**TO DO:** Return, with both end lines included, exactly what the data below holds from the line with "nm 超薄切片の透過型電子顕微鏡画像 】" through the line with "Kleurrijke ballonnen zweven", though not the pictures.

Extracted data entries

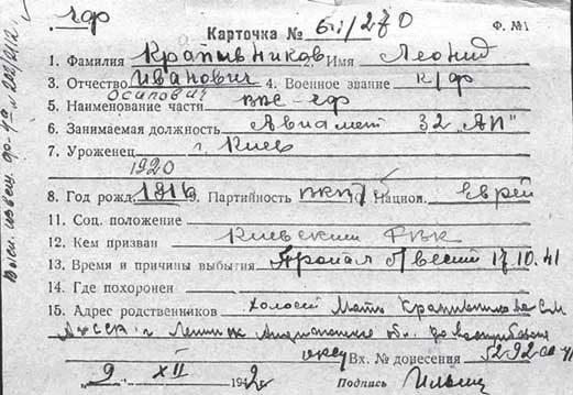 В декабре 1941 года мать Софья Михайловна, находясь в эвакуации в Средней Азии, получила извещение, что сын пропал без вести 19 сентября. А в донесении о потерях написали: «Не вернулся с боевого задания 13.IX.41».
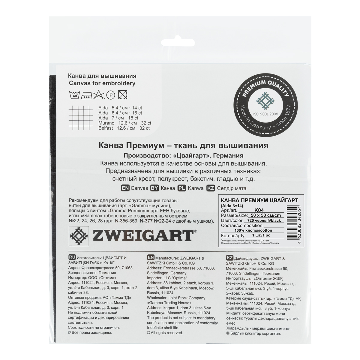 Канва К04 Zweigart Aida Premium №14 ФАСОВКА 100% хлопок 50 х 50 см ± 2 см 720 черный. В интернет-магазине ВИАЛ широкий ассортимент товаров, быстрая доставка и регулярные скидки.
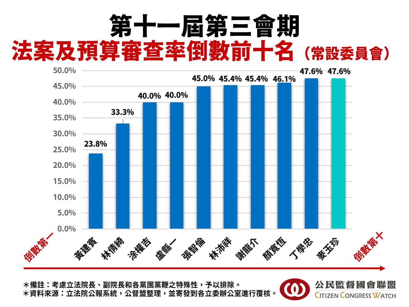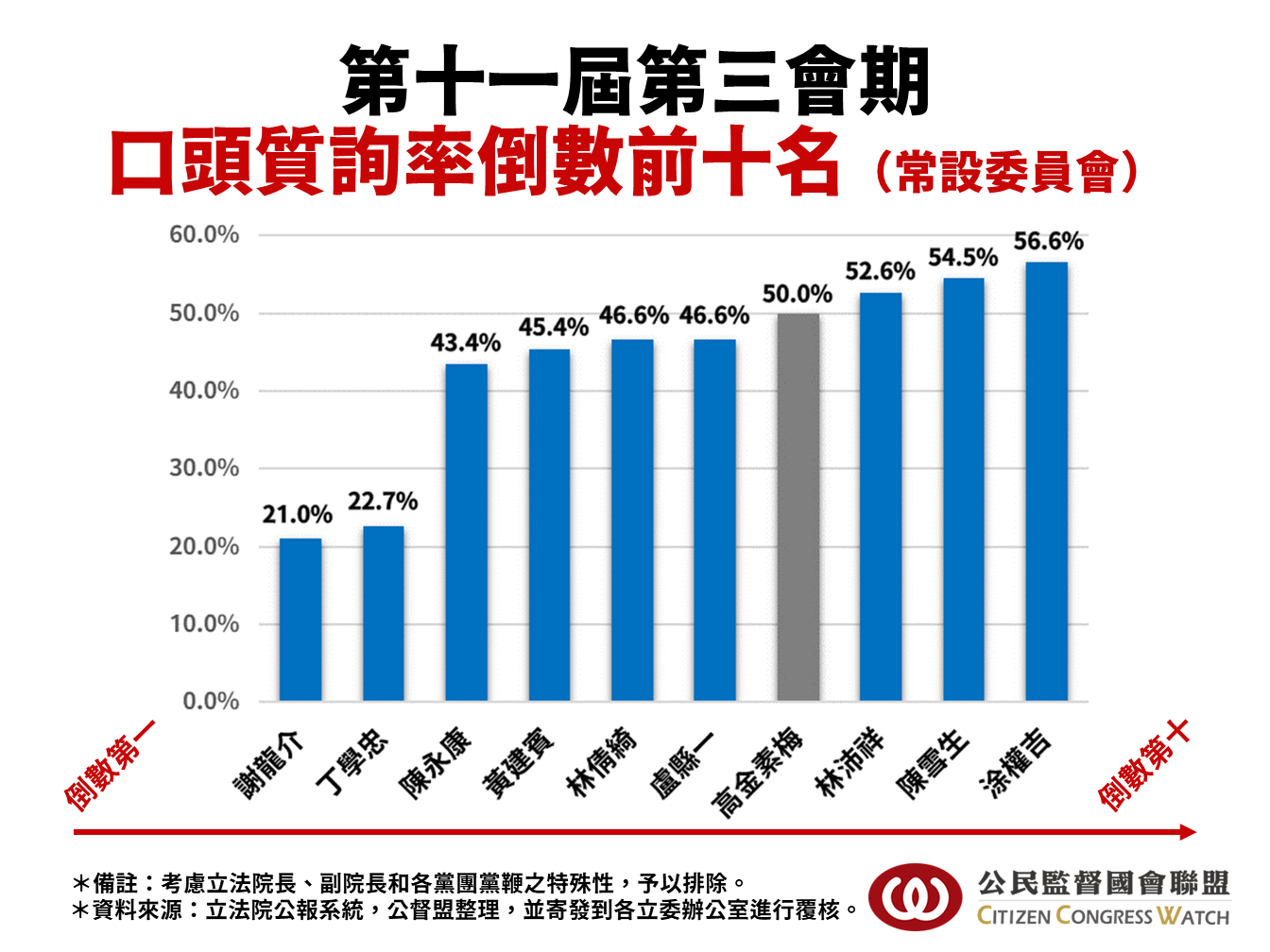 值得注意的是,除了不質詢,有些立委在法案與預算審查的參與度亦同樣偏低。謝龍介、丁學忠、黃健賓、盧縣一、林倩綺、林沛祥、涂權吉等委員皆同時出現在口頭質詢與審查參與的倒數名單中,呈現出對委員會議事參與上的低落。不禁令人質疑立法委員每年領有超過千萬的納稅人公帑,卻棄守立委職責,對此,恐對於選民、國人都難以交代!
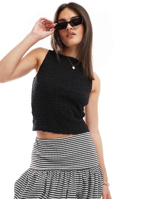 Stradivarius – Svart, krinklad topp med båtringning
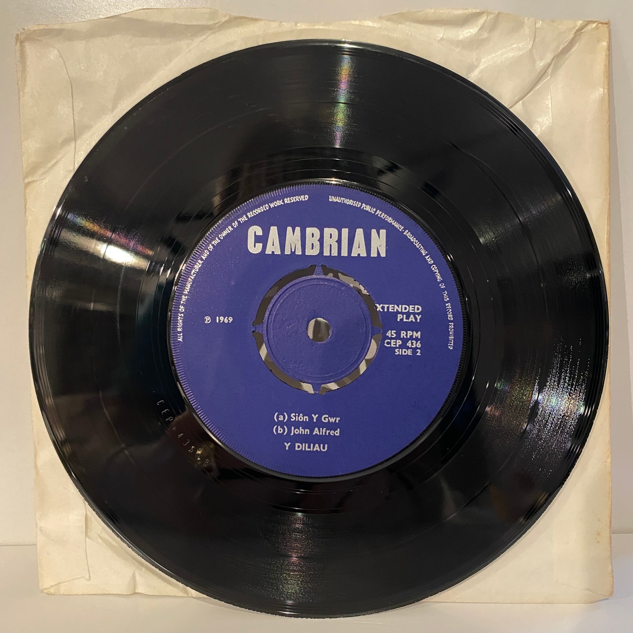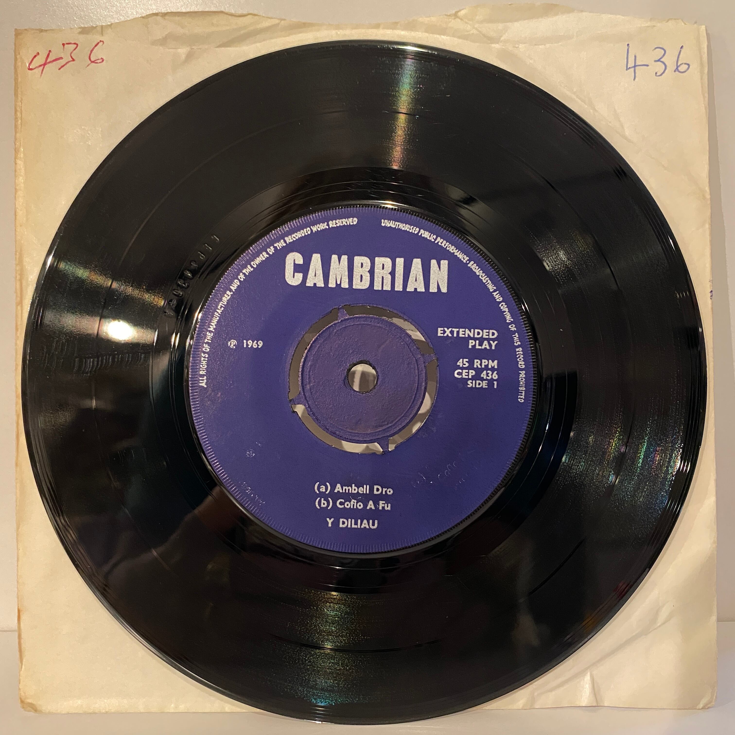 ウェールズ・オリジナル、4曲入りEP、プッシュ・アウト、コーティングでフリップバックのPS付。裏ジャケに小さな薄い書込みあります。
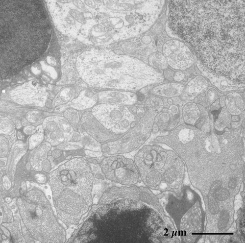 【 薄さ70 - 80 nm 超薄切片の透過型電子顕微鏡画像 】
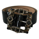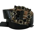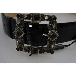 حزام دولتشي آند غابانا المصنوع من الجلد الأسود اللامع والمزين بشعار الكريستال
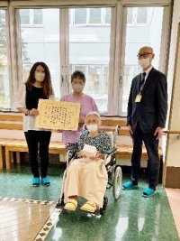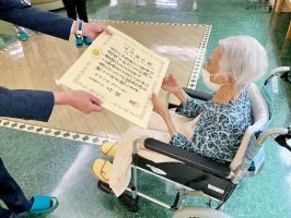今年8月に御歳100歳を迎えられた利用者さんへ、表彰状と記念品が送られました。
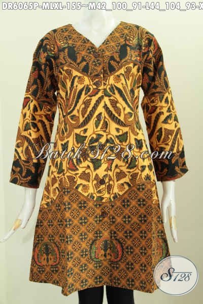 Baju Batik Tiga Motif, Dress Batik Keren Desain Berkelas Proses Printing Di Jual Online 155K Untuk Penampilan Lebih Istimewa [DR6065P-M , L , XL]
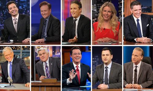 심야 토크쇼의 '전설' 자니 카슨에서부터 제이 레노, 최근 은퇴한 데이비드 레터먼은 날카로운 정치 풍자로 프로그램 시청률을 이끌었다.
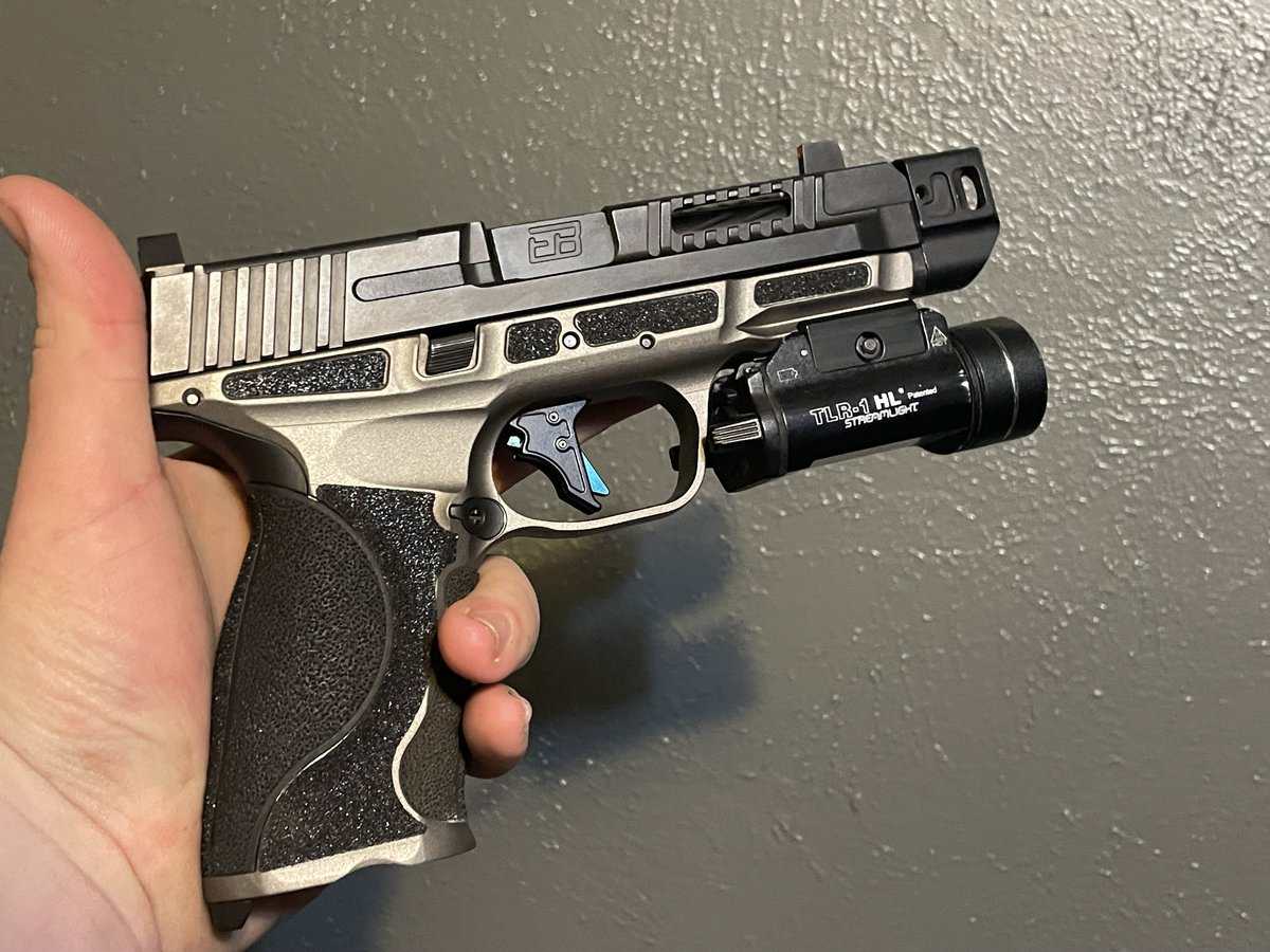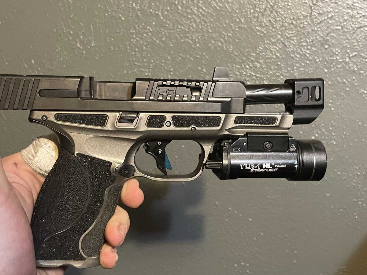 M&P 2.0 Metal in 9mm with a ton of aftermarket parts and addons.
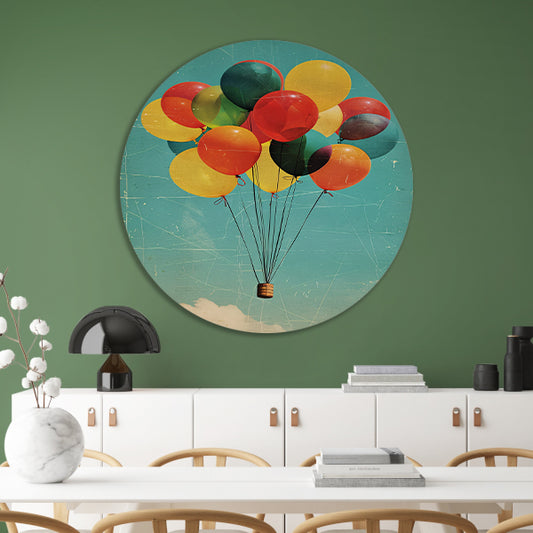 Kleurrijke ballonnen zweven door de lucht aluminium muurcirkel
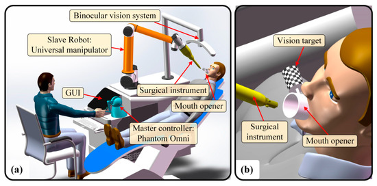 Oral diseases, such as oral tumors and tooth loss, are very common worldwide [1,2,3], and reduce the life quality of patients [4,5]. Oral surgery, such as tumor resection and dental implant, is indispensable in the treatment of oral diseases [6,7]. Traditional oral surgery relies entirely on the manual operation of the surgeon, so the accuracy, safety, and prognosis quality cannot be well guaranteed. The development of robotics provides new ways for oral surgery, which has great potential to assist surgeons to provide high-quality surgery and become the mainstream solution in the future [8,9,10].
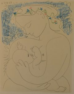PICASSO (Pablo). "Maternité" (1963). Lithographie d'interprétation en couleurs tirée sur vélin d'Arches, datée, signée dans la planche et montée sous cadre crème en bois. Dim. cadre : 68,5 x 50 cm ; sujet : 50 x 39 cm.
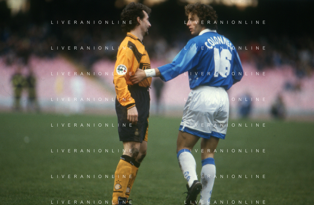 DIAP-RETROSPETTIVA FRANCESCO COLONNESE CALCIATORE NELLA FOTO FRANCESCO COLONNESE CON LA MAGLIA DEL NAPOLI CALCIO NELL'ANNO 1995-96 E MAURIZIO GANZ AG ALDO LIVERANI SAS
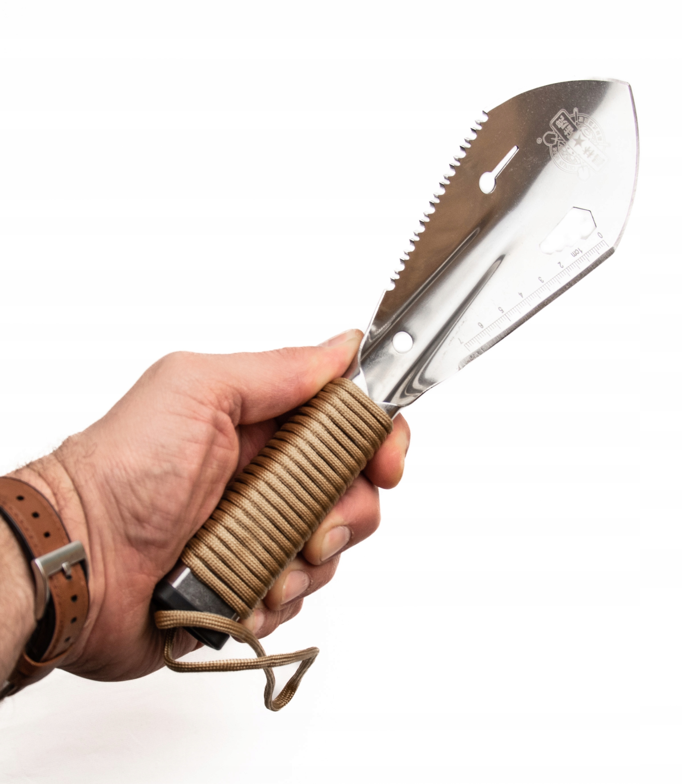 - Można ją wykorzystać jako saperkę, motykę, piłę, otwieracz do puszek, a nawet jako klucz oczkowy w czterech różnych rozmiarach.
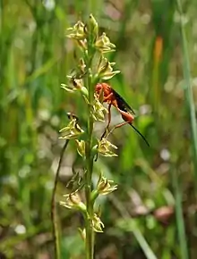 This leek orchid grows in grassland in moist places and is only known from four or five populations in the south-west of the state.[2]

**ANSWER SECTION:**
 【 薄さ70 - 80 nm 超薄切片の透過型電子顕微鏡画像 】
 حزام دولتشي آند غابانا المصنوع من الجلد الأسود اللامع والمزين بشعار الكريستال
今年8月に御歳100歳を迎えられた利用者さんへ、表彰状と記念品が送られました。
 Baju Batik Tiga Motif, Dress Batik Keren Desain Berkelas Proses Printing Di Jual Online 155K Untuk Penampilan Lebih Istimewa [DR6065P-M , L , XL]
 심야 토크쇼의 '전설' 자니 카슨에서부터 제이 레노, 최근 은퇴한 데이비드 레터먼은 날카로운 정치 풍자로 프로그램 시청률을 이끌었다.
 M&P 2.0 Metal in 9mm with a ton of aftermarket parts and addons.
 Kleurrijke ballonnen zweven door de lucht aluminium muurcirkel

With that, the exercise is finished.